One belief we hold pretty deeply at Variance is that data produced by customers is more valuable than data produced about them by internal teams. While on first reading that doesn’t sound too controversial, when you start to think about the set of technologies that exist around the go-to-market process, it becomes clear how misaligned they are to the data that matters most.
We have three fundamental beliefs about how software sales work that sits at the center of how we build our product:
- Customer Data >= Seller Data: Not only do customers produce many times more data than an individual manually entering it, but it is also more accurate and doesn’t suck the life out of the seller to generate.
- Post-Signup >= Pre-Signup: In a world where everything is software, what happens after a prospect signs up is at least as important to the revenue team as what happens before. We also believe this data becomes more and more important in a world where the customer is asking (demanding?) to try your product before they purchase.
- Quant Stages >= Qual Stages: This one is touchy but it shouldn’t be. We know that human judgment is better than anything a machine can judge in a critical, high-stakes sales stage. Much like a human can make a left turn better than a self-driving car when it really counts. But most of the time you aren’t in a critical turn and you need something watching out for you and the stages of your sales. A milestone or quantitative approach to sales is fundamental to being a data-driven sales org. Milestones represent the actual behavior of prospects and customers and complement the insights of hard-charging revenue teams.
Types of Data along the Customer Journey
When we think about the Customer Journey it’s not enough to just say you’re collecting data along the way. The type of data, the systems you use to process it, and the ways your teams engage with those systems are equally, if not more, important than just filing away piles of journey data with no real plan on to use it.
To that end, we find it helpful to think about the categories of data based on its source. One note: These are our own definitions and don’t necessarily fit how the industry defines things. For instance, second party data is defined by some as first party data that is shared with another company. We don’t find this overly useful.
Zero Party: Data that comes from your company internally. eg. your sales or customer success representatives inputting data into GTM tools.
First Party: The data generated from a self-identified prospect or customer of your website, content, product, or services.
Second Party: Data that comes from unknown visitors to your website that can be enriched to provide you a directional insight on who they might be. (The idea behind calling it second party is that it’s third party data combined with some first party data.)
Third Party: Data that comes from other sources that you can purchased. This is also sometimes referred to as intent or dark data.

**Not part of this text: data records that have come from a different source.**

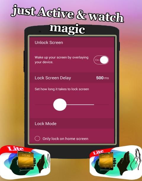 Swip hand to lock Screen : wave lock / Unlock is the app use proximity sensor to lock and unlock the screen by way wave your hand over the proximity sensor. Protect power button on your phone.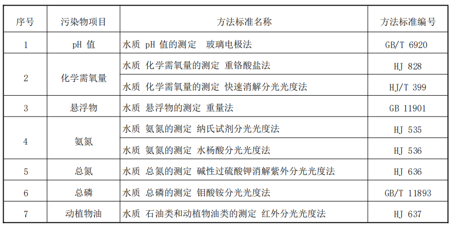 6.4 水污染物監測分析方法按表 3 所列方法標準或國家認定的其他等效方法標準執行。本標準發布實施后,有新發布的國家環境監測分析方法標準,其方法適用范圍相同的,也適用于本標準對應污染物的測定。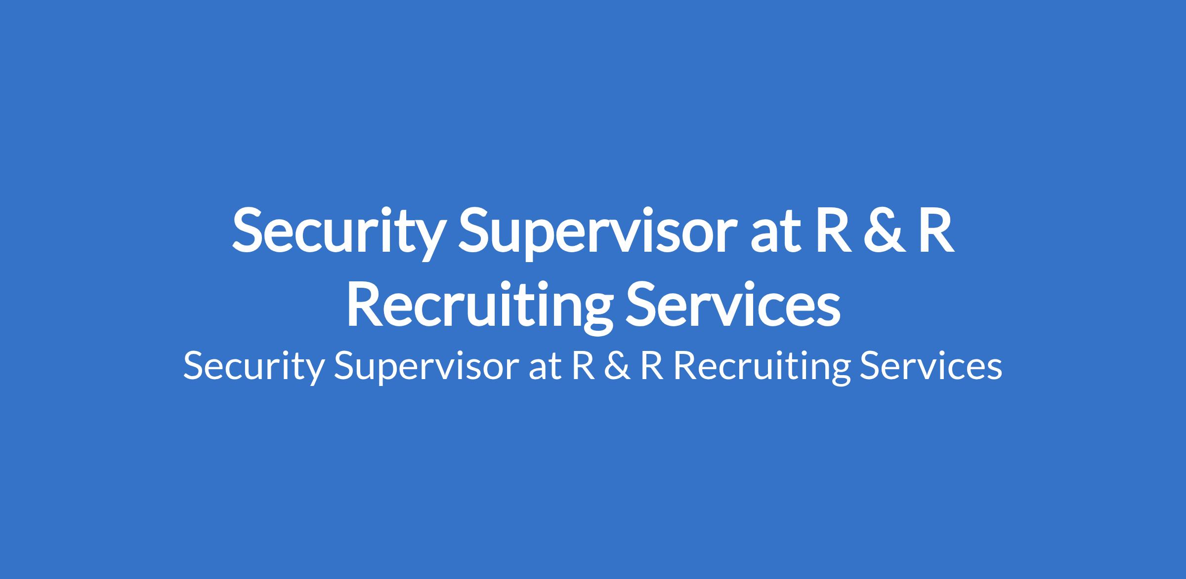 R & R Recruiting Services is recruiting to fill the position of: Security Supervisor. The position is located in Lekki, Lagos State. Salary: N130,000 - N150,000 per month. Interested candidates should possess a minimum of OND. or HND in any related field with a minimum of 3 4 years experience in a security role or supervisory position.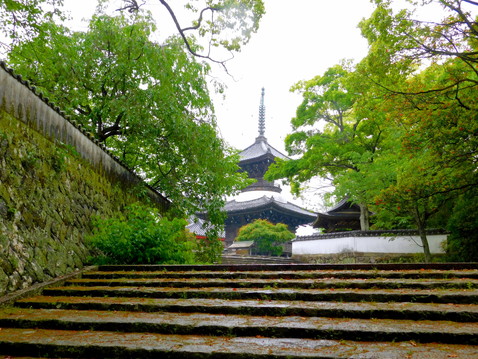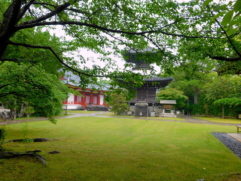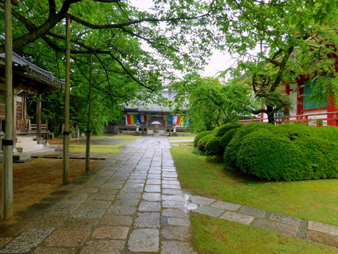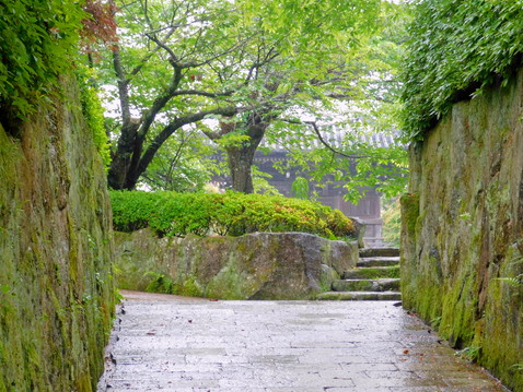 最後までご覧いただきありがとうございました。田辺の高山寺は、熊野三山とは直接関係はありませんが、江戸期にこの地を治めた安藤氏の保護を受けた田辺市街の中心的な寺院であり、その伝説に彩られた歴史と文化財について、ぜひご紹介したかったところです。さらにこの日は、雨に濡れた艶やかな石畳と、しっとりと青みを増した芝生に覆われた広い境内がとても魅力的でした。熊野三山遠征記は、まだまだ続きます。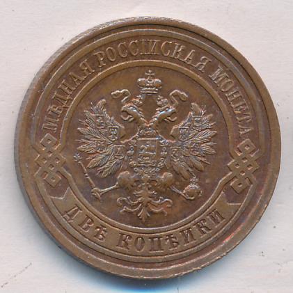 Лицевая сторона — двуглавый орел, надпись МЕДНАЯ РОССIЙСКАЯ МОНЕТА и обозначение номинала (две копейки); оборотная — обозначение номинала (2 копейки) в бусовом ободке и дата. Нормативный вес — 6,55 грамма, гурт рубчатый.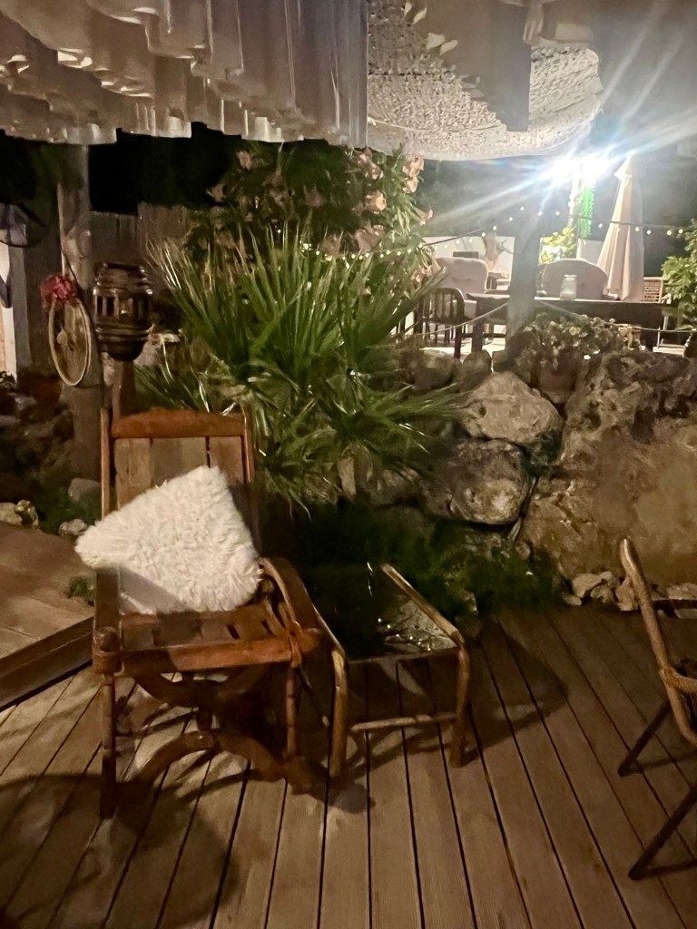 Nach einem wunderschönen Strandtag entscheiden wir uns kurzfristig, zum Essen nach Afionas zu fahren. Wir landen schließlich im „Luuna“, das erst letztes Jahr eröffnet wurde. Was für eine Lage! Super stylisch, super lecker. Spitzen-Service. Und so was von entspannt! Etwas teurer, aber jeden Euro wert. Gegrilltes Gemüse als Vorspeise, zum Hauptgang Lammkeule und „Crispy Chicken“, süß-sauer-scharf. Danach noch ein Kuchen, mit Dubaischokolade gefüllt und Baklava, jeweils mit Vanilleeis. Insgesamt für 80,00 Euro. Wenn es überhaupt ein Manko gab: die Gästeschar war zu 100% deutsch.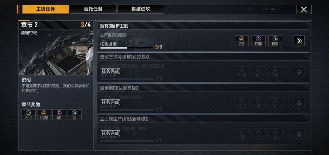 根据不同的类型,这些任务分为了“主线任务”、“委托任务”和“集结进攻”任务。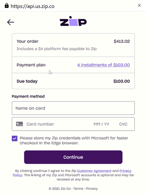 Usually, BNPL is offered in specific ecommerce websites like Target, Walmart. But now, Microsoft partners with 3rd party Zip (previously Quadpay) to offer a BNPL payment option at browser level. It means any purchase between $35 - $1,000 you make through Microsoft Edge can be split into 4 installments over 6 weeks.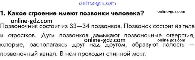 Готовые домашние задания по Биологии за 8 класс Учебник Пасечник, Каменский Линия жизни 2016 - Вопросы §9. Скелет туловища. Скелет конечностей и их поясов 1

I’ve tried to create a way to visualize this data along the customer journey to help think through what type of data you are getting at each point in the customer journey. The more you can understand this, the better you can think about how to capture that data and how it can interact with your organization.
A few things might stick out to you on this graph:
- The Seller generated data stays fairly consistent through the pre- and post-sales process. This is most likely because of the methodology (MEDDPICC, Sandler, BANT, etc) the company uses and the way they’ve set up workflows in their CRM to capture the output of that methodology throughout the buying journey.
- Deanonymized and dark web data is almost completely gone by the time the customer is won. This should be fairly obvious, but it’s also important to realize that unlike customer/seller generated data, 2nd- and 3rd-party is most valuable in the pre-sales motion.
- Freemium and trial is like a data accelerator. Whatever you knew about a customer before is dwarfed by what you know about them after a trial and the gap only widens post-sale.
Once you have started to think through the journey, the next step would be to think about what system to collect this data in and how to let your revenue team engage with it. This process would involve traditional systems of records (eg. CRM, Warehouse, etc) along with systems of engagement (eg. marketing automation, Slack, etc). In our experience, this leaves a hole for the revenue team who need something more akin to a system of intelligence to help manage this data and make it as actionable as possible.
What do you think? Our hope is to write a follow-up piece that starts to catalog what data recording, intelligence, and engagement looks like for different types of companies.